A counterfactual narrative

It is a bold thesis, which Price weaves into uncomfortable fiction by fabricating a previously hidden narrative of the 20th century. For despite the analog warmth that sometimes emanates from “FELT TIP,” and despite the almost cute story of clinging to old symbols, there is also a dystopia in the video. Price bends her source material into a counterfactual narrative that, like all good science fiction stories, is firmly grounded in our reality. The narrator, whose voice the artist has assembled from three different synthetic voices, talks about administrators whose bodies are used as repositories of information by overwriting their DNA with data – more precisely, the DNA in the cells of their fingertips. And that’s actually only a slight exaggeration, because in May 2021, an article in Scientific American touted the possibilities of storing data in DNA. It is less expensive and is energy-efficient, according to the article – only the accuracy of its reading still poses difficulties.

Elizabeth Price, FELT TIP, 2018 (c) ELIZABETH PRICE
Enough with the bullshit jobs

In “FELT TIP”, just as in the world of the information economy in general, however, the question remains unanswered as to what exactly is being stored there. Yet that is perhaps beside the point, because since the rise of what anthropologist David Graeber calls “bullshit jobs” at the latest, the purpose of numerous forms of work has become questionable – not to mention their meaning for society.
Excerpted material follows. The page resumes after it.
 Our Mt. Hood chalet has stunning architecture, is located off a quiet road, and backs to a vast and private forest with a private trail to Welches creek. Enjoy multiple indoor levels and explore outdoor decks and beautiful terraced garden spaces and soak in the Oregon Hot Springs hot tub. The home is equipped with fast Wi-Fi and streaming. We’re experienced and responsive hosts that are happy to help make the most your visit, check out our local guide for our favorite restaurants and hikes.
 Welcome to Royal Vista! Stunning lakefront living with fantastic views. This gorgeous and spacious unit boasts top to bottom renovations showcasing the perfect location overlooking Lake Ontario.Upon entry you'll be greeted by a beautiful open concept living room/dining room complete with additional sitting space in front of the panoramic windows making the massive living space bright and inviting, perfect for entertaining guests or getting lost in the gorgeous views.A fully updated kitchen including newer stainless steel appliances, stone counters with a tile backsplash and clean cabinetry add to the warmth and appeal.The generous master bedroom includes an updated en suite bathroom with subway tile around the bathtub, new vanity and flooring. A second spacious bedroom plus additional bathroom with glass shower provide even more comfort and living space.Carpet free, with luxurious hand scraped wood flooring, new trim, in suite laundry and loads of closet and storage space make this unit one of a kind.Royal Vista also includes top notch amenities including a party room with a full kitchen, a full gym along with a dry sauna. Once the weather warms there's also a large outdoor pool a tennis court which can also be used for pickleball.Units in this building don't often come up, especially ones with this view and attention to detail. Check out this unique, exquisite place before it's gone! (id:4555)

A bullshit job, according to Graeber, is a paid activity in which even the person doing it is unable to find sense – although they must pretend that they do. Graeber, incidentally, dates the origin of bullshit jobs to the same moment when Elizabeth Price pinpoints the emergence of the new, digital managerial class: in the late 1970s, when neoliberalism promised efficiency, when large parts of industry in the West were dismantled, and nowhere more radically than in Great Britain. Unions were disempowered, and fair wages were replaced by the promise that office workers would find meaning and a sense of belonging in their jobs. At the same time, there was an explosion of jobs in the information sector, which require specific expertise as part of so-called “knowledge work”. Graeber concludes that capitalism does not deliver what it promises, namely the creation of efficient, self-regulating work processes.  
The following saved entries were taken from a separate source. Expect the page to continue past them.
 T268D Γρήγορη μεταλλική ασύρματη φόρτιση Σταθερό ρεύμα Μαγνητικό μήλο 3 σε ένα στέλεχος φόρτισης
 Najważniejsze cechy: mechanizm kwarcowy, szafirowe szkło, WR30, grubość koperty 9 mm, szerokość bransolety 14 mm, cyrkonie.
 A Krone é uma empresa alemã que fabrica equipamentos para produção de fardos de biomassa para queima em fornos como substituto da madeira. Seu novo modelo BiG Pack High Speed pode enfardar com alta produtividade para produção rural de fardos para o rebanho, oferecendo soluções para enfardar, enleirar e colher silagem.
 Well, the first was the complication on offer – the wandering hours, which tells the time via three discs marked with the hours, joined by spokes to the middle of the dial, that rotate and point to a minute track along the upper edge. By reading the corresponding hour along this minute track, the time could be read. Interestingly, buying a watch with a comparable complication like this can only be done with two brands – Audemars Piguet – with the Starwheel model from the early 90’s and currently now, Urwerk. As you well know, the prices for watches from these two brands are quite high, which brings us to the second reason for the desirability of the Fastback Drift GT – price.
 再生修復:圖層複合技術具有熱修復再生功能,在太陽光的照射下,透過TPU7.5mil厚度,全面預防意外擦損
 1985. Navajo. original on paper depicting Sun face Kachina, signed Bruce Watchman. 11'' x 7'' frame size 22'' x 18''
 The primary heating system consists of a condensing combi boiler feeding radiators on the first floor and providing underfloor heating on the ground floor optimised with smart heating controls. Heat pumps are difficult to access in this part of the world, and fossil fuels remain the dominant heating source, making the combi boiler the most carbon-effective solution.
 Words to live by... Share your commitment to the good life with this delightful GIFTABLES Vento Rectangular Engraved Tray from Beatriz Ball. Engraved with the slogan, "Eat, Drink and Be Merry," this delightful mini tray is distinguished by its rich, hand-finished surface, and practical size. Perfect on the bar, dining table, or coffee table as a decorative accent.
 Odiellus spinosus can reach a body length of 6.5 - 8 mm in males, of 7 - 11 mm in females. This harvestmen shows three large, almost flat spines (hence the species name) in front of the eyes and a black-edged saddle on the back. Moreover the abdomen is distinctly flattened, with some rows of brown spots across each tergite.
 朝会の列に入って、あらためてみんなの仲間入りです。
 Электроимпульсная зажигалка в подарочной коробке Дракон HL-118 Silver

ELIZABETH PRICE, FELT TIP, EXHIBITIONVIEW SCHIRN KUNSTHALLE FRANKFURT 2023, PHOTO: ESRA KLEIN

Perhaps Price’s critique goes in a similar direction. Her videos can be read as both ironic and playful, for somehow they are also about the trivialization of the working world, an environment in which male dominance is both ensured and subverted through the display of the tie, that age-old phallic symbol. In Price’s video, we see women’s legs in high heels running and prancing repeatedly across the top screen. The tie is now just an empty symbol, a bit like parts of the digitized world of work with its bullshit jobs. “The oldest, most worn-out joke,” says the narrator, “is still the tie itself.”